[Data extracted from a collection]
━━━━━━━━━━━━━━━━━━━━
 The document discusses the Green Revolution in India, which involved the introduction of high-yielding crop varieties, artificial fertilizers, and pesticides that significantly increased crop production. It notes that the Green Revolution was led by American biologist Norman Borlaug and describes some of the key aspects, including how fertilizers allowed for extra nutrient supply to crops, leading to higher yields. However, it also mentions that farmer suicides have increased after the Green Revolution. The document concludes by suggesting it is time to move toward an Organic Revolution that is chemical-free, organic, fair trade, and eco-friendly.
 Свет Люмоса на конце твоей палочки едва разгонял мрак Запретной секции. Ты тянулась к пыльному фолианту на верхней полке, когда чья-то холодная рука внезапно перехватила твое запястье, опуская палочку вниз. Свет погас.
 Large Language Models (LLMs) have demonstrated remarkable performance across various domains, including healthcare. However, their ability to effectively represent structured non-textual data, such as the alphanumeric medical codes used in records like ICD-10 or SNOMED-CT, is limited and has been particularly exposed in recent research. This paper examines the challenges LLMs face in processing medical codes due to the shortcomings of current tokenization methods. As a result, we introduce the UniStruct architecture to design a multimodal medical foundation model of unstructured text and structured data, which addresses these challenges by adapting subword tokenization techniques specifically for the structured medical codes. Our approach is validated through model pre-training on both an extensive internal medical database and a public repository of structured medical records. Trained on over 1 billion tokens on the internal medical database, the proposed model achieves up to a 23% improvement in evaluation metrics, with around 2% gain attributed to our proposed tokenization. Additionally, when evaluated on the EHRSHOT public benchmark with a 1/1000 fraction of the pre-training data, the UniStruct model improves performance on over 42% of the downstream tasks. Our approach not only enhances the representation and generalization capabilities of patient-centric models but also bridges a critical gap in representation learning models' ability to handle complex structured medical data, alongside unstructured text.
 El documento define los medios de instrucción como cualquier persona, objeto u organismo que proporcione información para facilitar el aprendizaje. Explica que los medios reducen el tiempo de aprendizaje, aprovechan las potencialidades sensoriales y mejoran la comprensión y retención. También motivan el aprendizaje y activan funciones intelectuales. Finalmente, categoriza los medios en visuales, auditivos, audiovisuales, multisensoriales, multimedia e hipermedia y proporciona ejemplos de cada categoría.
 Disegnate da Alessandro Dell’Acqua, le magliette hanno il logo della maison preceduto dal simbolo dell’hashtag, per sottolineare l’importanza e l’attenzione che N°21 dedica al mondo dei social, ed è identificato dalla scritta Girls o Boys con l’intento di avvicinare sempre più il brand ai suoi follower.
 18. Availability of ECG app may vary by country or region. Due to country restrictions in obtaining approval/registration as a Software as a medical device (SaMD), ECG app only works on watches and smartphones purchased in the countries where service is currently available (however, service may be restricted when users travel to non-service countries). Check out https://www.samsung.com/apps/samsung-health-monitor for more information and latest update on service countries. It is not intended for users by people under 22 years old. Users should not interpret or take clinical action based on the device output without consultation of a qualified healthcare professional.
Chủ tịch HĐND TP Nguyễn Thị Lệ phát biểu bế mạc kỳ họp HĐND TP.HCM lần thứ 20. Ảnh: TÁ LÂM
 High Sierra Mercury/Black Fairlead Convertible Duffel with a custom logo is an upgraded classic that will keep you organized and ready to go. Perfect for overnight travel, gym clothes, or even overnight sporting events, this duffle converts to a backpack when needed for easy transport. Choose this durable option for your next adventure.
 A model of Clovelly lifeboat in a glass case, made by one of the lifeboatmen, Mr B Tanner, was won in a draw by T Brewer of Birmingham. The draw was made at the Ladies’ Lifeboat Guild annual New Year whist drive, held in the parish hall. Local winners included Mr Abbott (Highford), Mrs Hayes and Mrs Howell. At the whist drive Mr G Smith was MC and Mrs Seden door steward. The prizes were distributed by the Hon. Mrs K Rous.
━━━━━━━━━━━━━━━━━━━━
### [PROBLEM TO SOLVE]
Retype all the records, matching them exactly.

### [EXERCISE RESPONSE]
 The document discusses the Green Revolution in India, which involved the introduction of high-yielding crop varieties, artificial fertilizers, and pesticides that significantly increased crop production. It notes that the Green Revolution was led by American biologist Norman Borlaug and describes some of the key aspects, including how fertilizers allowed for extra nutrient supply to crops, leading to higher yields. However, it also mentions that farmer suicides have increased after the Green Revolution. The document concludes by suggesting it is time to move toward an Organic Revolution that is chemical-free, organic, fair trade, and eco-friendly.
 Свет Люмоса на конце твоей палочки едва разгонял мрак Запретной секции. Ты тянулась к пыльному фолианту на верхней полке, когда чья-то холодная рука внезапно перехватила твое запястье, опуская палочку вниз. Свет погас.
 Large Language Models (LLMs) have demonstrated remarkable performance across various domains, including healthcare. However, their ability to effectively represent structured non-textual data, such as the alphanumeric medical codes used in records like ICD-10 or SNOMED-CT, is limited and has been particularly exposed in recent research. This paper examines the challenges LLMs face in processing medical codes due to the shortcomings of current tokenization methods. As a result, we introduce the UniStruct architecture to design a multimodal medical foundation model of unstructured text and structured data, which addresses these challenges by adapting subword tokenization techniques specifically for the structured medical codes. Our approach is validated through model pre-training on both an extensive internal medical database and a public repository of structured medical records. Trained on over 1 billion tokens on the internal medical database, the proposed model achieves up to a 23% improvement in evaluation metrics, with around 2% gain attributed to our proposed tokenization. Additionally, when evaluated on the EHRSHOT public benchmark with a 1/1000 fraction of the pre-training data, the UniStruct model improves performance on over 42% of the downstream tasks. Our approach not only enhances the representation and generalization capabilities of patient-centric models but also bridges a critical gap in representation learning models' ability to handle complex structured medical data, alongside unstructured text.
 El documento define los medios de instrucción como cualquier persona, objeto u organismo que proporcione información para facilitar el aprendizaje. Explica que los medios reducen el tiempo de aprendizaje, aprovechan las potencialidades sensoriales y mejoran la comprensión y retención. También motivan el aprendizaje y activan funciones intelectuales. Finalmente, categoriza los medios en visuales, auditivos, audiovisuales, multisensoriales, multimedia e hipermedia y proporciona ejemplos de cada categoría.
 Disegnate da Alessandro Dell’Acqua, le magliette hanno il logo della maison preceduto dal simbolo dell’hashtag, per sottolineare l’importanza e l’attenzione che N°21 dedica al mondo dei social, ed è identificato dalla scritta Girls o Boys con l’intento di avvicinare sempre più il brand ai suoi follower.
 18. Availability of ECG app may vary by country or region. Due to country restrictions in obtaining approval/registration as a Software as a medical device (SaMD), ECG app only works on watches and smartphones purchased in the countries where service is currently available (however, service may be restricted when users travel to non-service countries). Check out https://www.samsung.com/apps/samsung-health-monitor for more information and latest update on service countries. It is not intended for users by people under 22 years old. Users should not interpret or take clinical action based on the device output without consultation of a qualified healthcare professional.
Chủ tịch HĐND TP Nguyễn Thị Lệ phát biểu bế mạc kỳ họp HĐND TP.HCM lần thứ 20. Ảnh: TÁ LÂM
 High Sierra Mercury/Black Fairlead Convertible Duffel with a custom logo is an upgraded classic that will keep you organized and ready to go. Perfect for overnight travel, gym clothes, or even overnight sporting events, this duffle converts to a backpack when needed for easy transport. Choose this durable option for your next adventure.
 A model of Clovelly lifeboat in a glass case, made by one of the lifeboatmen, Mr B Tanner, was won in a draw by T Brewer of Birmingham. The draw was made at the Ladies’ Lifeboat Guild annual New Year whist drive, held in the parish hall. Local winners included Mr Abbott (Highford), Mrs Hayes and Mrs Howell. At the whist drive Mr G Smith was MC and Mrs Seden door steward. The prizes were distributed by the Hon. Mrs K Rous.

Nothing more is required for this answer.